Supplied data:
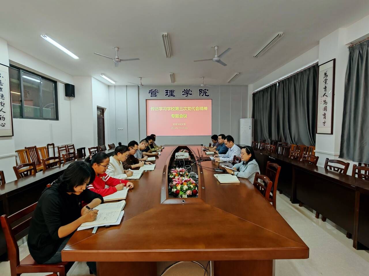 会议传达了学校第三次党代会的基本情况与主要精神,指出这次大会全面总结了学校第二次党代会以来党的建设和事业发展取得的成绩及经验,分析了改革发展面临的形势,明确了新时代新征程学校的使命任务和今后五年的奋斗目标,充分展示了全校上下踔厉奋发、勇毅前行的气魄和胆识,必将激励全校党员干部、师生员工同心同德、守正创新,以更加斗志昂扬的精神面貌,更加求真务实的工作作风,奋力开创学校发展新局面。
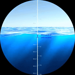 1993~2003년 사이 해수면은 약 2㎝ 상승했지만, 2003~2013년 사이에는 2배 이상인 5㎝가 상승했고 시간이 지나면서 해수면은 더 빠른 속도로 올라갔다.
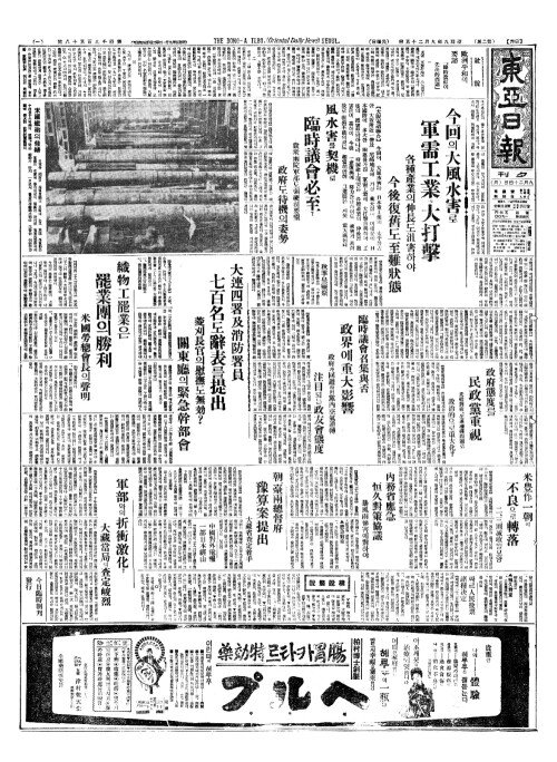 - 今回(금회)의大風水害(대풍수해)로 軍需工業(군수공업)에大打擊(대타격)

Problem to work on: For this exercise, transcribe the data exactly but without its pictures.

Task result:
 会议传达了学校第三次党代会的基本情况与主要精神,指出这次大会全面总结了学校第二次党代会以来党的建设和事业发展取得的成绩及经验,分析了改革发展面临的形势,明确了新时代新征程学校的使命任务和今后五年的奋斗目标,充分展示了全校上下踔厉奋发、勇毅前行的气魄和胆识,必将激励全校党员干部、师生员工同心同德、守正创新,以更加斗志昂扬的精神面貌,更加求真务实的工作作风,奋力开创学校发展新局面。
 1993~2003년 사이 해수면은 약 2㎝ 상승했지만, 2003~2013년 사이에는 2배 이상인 5㎝가 상승했고 시간이 지나면서 해수면은 더 빠른 속도로 올라갔다.
 - 今回(금회)의大風水害(대풍수해)로 軍需工業(군수공업)에大打擊(대타격)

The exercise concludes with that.